I 100% agree. True winter tires (with the snowflake symbol) are your best bet for winter traction. 

Some tires, like the Copper AT3 (a fantastic tire that I run for the summer) give decent traction in weather near freezing but they do not perform well in the Alberta cold. 

I've run the Nokian WR series tires that were all weather (with the snowflake). They were a really good tire but did not last all that long. And expensive. I also ran the Cooper Discoverer M+S studded winter tires. There were really good and affordable. Only about $500 for a set of 4 studded. 

I had a quick look on Kijiji. This is just one set of winter tires I found in Calgary (with rims). They said they were on an x-trail so you should be able to swap them right on. Maybe get them balanced first ($20-40 to balance all 4).
https://www.kijiji.ca/v-tires-rims/calgary/4-goodyear-nordic-winter-tires-95-tread-left-on-steel-rims/1311054662?enableSearchNavigationFlag=true


----------



## chadn (Jan 28, 2010)

If you do decide to buy used tires, there are 2 things you need to check: (1) tread depth remaining and (2) date the tire was manufactured. 

(1) - most p-rated tires come with 12 or 13/32 tread depth. They should be replaced somewhere between 2 and 4/32 remaining. That means that 1/32 tread wear is 10% of the tire life. For example, if you see tires with 7/32 tread they are about 50-60% worn.

(2) tires age over time. especially winter tires. Make sure the tires are 2 or 3 years old at most. 


Here are a couple more options in Calgary.

The Nokian Hakkapelliitta is probably the best winter tire out there. These come with rims that should fit the x-trail.
https://www.kijiji.ca/v-tires-rims/calgary/4-nokian-winter-tires-on-5x114-3-wheels-95-like-new215-65r16/1310895225?enableSearchNavigationFlag=true

Nokians again. Price seems a bit high. And no rims.
https://www.kijiji.ca/v-tires-rims/calgary/215-65r16-nokian-hakkapeliitta-7-studded-winter-tires/1310266223?enableSearchNavigationFlag=true

Another option:
https://www.kijiji.ca/v-tires-rims/calgary/4-toyo-winter-tires-215-65r-16-with-rims-5x114-3-bolt-pattern/1307136722?enableSearchNavigationFlag=true


----------



## X-hale (Apr 17, 2017)

I just bought Nokian Hakkapeliitta 7 from https://www.discounttiredirect.com/ in 225/60/16 for CAD $108 ea. I have a US address and was able to get the $100 USD rebate offered. I have all my US stuff shipped to The UPS Store just across the border in New York State.
I know narrower is better for snow tires but this was the only size available for the last couple of months. I can see why for the price they are selling them.


----------



## quadraria10 (Jul 6, 2010)

That was quite the deal for the Nokians X Hale. Congrats on scoring those. I use 225 55 17 Geolandars summers, and 215 60 17 Blizzaks these days for winter, both on nissan alloy rims. 225 60 16 probably feels great. I once tried 225 60 17 and disliked them so much sold them at a loss two weeks later.
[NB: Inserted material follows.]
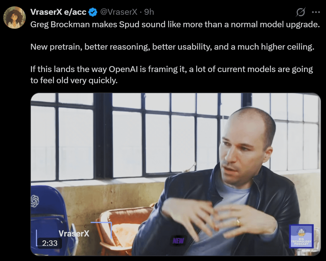 OpenAI 总裁 Greg Brockman 最近在播客访谈上亲口确认了它的存在:「这不是增量改进,而是我们思考模型开发方式的重大改变。」奥特曼同一天对全体员工的说法,再次拉高了预期:「一个非常强大的模型,可以真正加速经济发展。」Open AI 憋了两年大招,现在要放了,却在 OpenAI 最危险的时候。Brockman 在播客上没给跑分,没给发布日期,但他造了一个新词:「Big Model Smell」,大模型的气息。当这些模型真正变得更聪明、更有能力时,它会主动对齐你的意图(bend to you)。你不需要反复解释你想要什么,它就是知道。这话说得很玄,但信息量比任何 benchmark 都大。循例看看曝光的参数。泄露文档显示,GPT-6 在编码、推理和 Agent 任务上比 GPT-5.4 高出 40% 以上。上下文窗口从 GPT-5.4 的 100 万 token 直接拉到 200 万,翻了一倍。有传言称 Fields 奖得主陶哲轩据报道已经上手测过 GPT-6 的数学推理,这更令人期待了。Brockman 原话是「用户不必为同一请求输入多个提示」。三年了,ChatGPT 用户被「如何跟 AI 说话」折磨得够呛。如果 GPT-6 真能解决提示工程这个痛点,光这一项更新就值回票价。Agent 能力是另一个重头戏。更长程的自主运行,更少的人工确认循环。文本、图像、音频、视频原生统一处理,不是拼接,是同一个架构从底层就这么设计的。爆料里还有一句更猛的,Brockman 私下说 AGI 已经实现了 70% 到 80%,内部认为 GPT-6 会弥合大部分剩余差距。这话不管你信不信,至少说明 OpenAI 内部的判断已经到了这一步。GPT-5.4 已经把幻觉率比 GPT-5.2 降低了 33%。GPT-6 在这个基础上还要再降,具体数字还没出,但方向明确:让 AI 不再一本正经地胡说八道。Brockman 反复强调一个关键定位:GPT-6 是全新的基础模型,会成为 OpenAI 未来所有模型的底座。从 GPT-4 开始,OpenAI 花了两年多做渐进式更新(4o、4.5、5、5.2、5.4),但暗线上另一个团队在从零开始建新地基。根据 OpenAI 历史定价模式,旗舰模型通常在发布时定价较高,参考 GPT-5 Reasoning 为$15/百万输入 token。但目前爆料给出的数字是 2.5 美元输入、12 美元输出,跟 GPT-5.4 几乎持平。如果后者属实,OpenAI 等于也开始打价格战。同级别的 Claude Mythos 传闻定价在每百万 token 100 美元,ChatGPT Plus 和 Pro 用户大概率优先尝鲜。至于发布时间,多个爆料博主指出了 4 月 14 日 这个时间,但在官宣之前都不能确定,无论如何在 4 月发布的概率很大。GPT-6 完成预训练后不到 24 小时,OpenAI 宣布关停 Sora。同时被取消的还有与迪士尼价值 10 亿美元的角色授权协议。200 个迪士尼角色,Pixar、Marvel、Star Wars,一夜之间全没了。奥特曼亲自给迪士尼 CEO Bob Iger 打了电话。迪士尼新任 CEO Josh 的反应让他「感到非常糟糕」。但奥特曼 在最新长访谈也直接再次谈到关停 Sora:「核心在于算力,永远都是算力的问题。」Sora 每天烧掉大约 100 万美元的算力资源。钱倒不是最大的问题,但同一块 GPU 不足以同时供给视频模型和旗舰大模型训练。Sora 团队没被裁,转去做「世界模拟」研究,长期目标指向机器人。OpenAI 正在从消费级创意工具全面收缩,转向企业级生产力 AI。奥特曼还透露了一个更根本的原因。他发现如果 Sora 要在短视频领域取得成功,需要的产品逻辑会把公司拉向一条他不想走的路。那种商业模式可能会提出什么要求,以及我们为了获胜而做出的决策,是我们不愿做的。说白了,奥特曼不想让 OpenAI 变成另一个算法驱动的信息流工厂。这也相当于OpenAI 终于承认,自己摊子铺得太大了。在经历了过去一年眼花缭乱的产品发布,从视频生成模型 Sora 到各式各样的独立硬件、应用尝试后,这家 AI 巨头正在调转船头的方向。前段时间 APPSO 也介绍过,OpenAI 正在策划一场近年来最大的产品重组,GPT-6 就是关键的一环。ChatGPT + Codex + 浏览器 = GPT-6 超级应用GPT-6 不是一个孤立的模型,它是 OpenAI「超级应用」战略的底层引擎。OpenAI 目前的规划是让 GPT-6 同时驱动三个产品:ChatGPT 对话 AI、Codex 编程智能体、Atlas 内置浏览器。三者塞进一个桌面应用,对话、编程、上网、执行任务一键切换,预计 2026 年底前出预览版。奥特曼自己是 Codex 的重度用户,「这是自 ChatGPT 发布以来,我第一次感到自己用上了未来科技。」他把攒了好几年的副业项目清单全部用 Codex 跑完了,然后遇到了一个「奇怪的问题」:想不出更多点子了。一个让 CEO 跑完了 idea 清单的编程工具,接下来要接上一个更猛的模型。这就是 GPT-6 在产品层面的意思。同步发生的组织架构变动更有意思。OpenAI 产品部门正式更名为「AGI Deployment」。这是 AGI 这个词第一次出现在公司官方架构中。奥特曼本人把日常产品工作全部甩出去了,自己只干三件事:筹钱、抢芯片、建数据中心。他在访谈里承认自己现在「穿西装的次数比一生加起来还多」,而且「感觉更像一名政客,而非纯粹的创始人」。OpenAI 内讧?CEO 要上市,CFO 说没准备好技术上 all in 了。财务上呢?先看一组让 奥特曼晚上翻来覆去的数字。据 Next Round 资本创始人透露,近几周约六家机构投资者想出手总计约 6 亿美元的 OpenAI 股票。去年,这种量级的卖单通常几天内就被抢光。现在却几乎无人问津。二级市场给出的估值约 7650 亿美元,较峰值 8500 亿折价 10%。而同一时间,Anthropic 的二级市场估值较上一轮融资溢价超过 50%。钱正在从 OpenAI 流向它最大的对手。一级市场刚注入 1220 亿美元、估值 8520 亿的公

Like Chadn I did a quick peek at Kijiji in Calgary, but I am not sure its the right route for Molly as they are all fairly expensive, its probably a far drive to check them out, and they would come with no warranty.

Tony's idea about the Can Tire card zero interest promo is a good one. They even have a 25% sale on at the moment. General brand winter tires get pretty good ratings for a low priced winter tire. They also have some new Chinese Dynamo winter tires that are inexpensive and may be a good value.

You may also want to ask either of the good mechanics you found if they could recommend a good inexpensive tire. They may have a good source for used or low price new ones.

If you are going for first tier winter tires Costco is hard to beat for Michelin or Bridgestone.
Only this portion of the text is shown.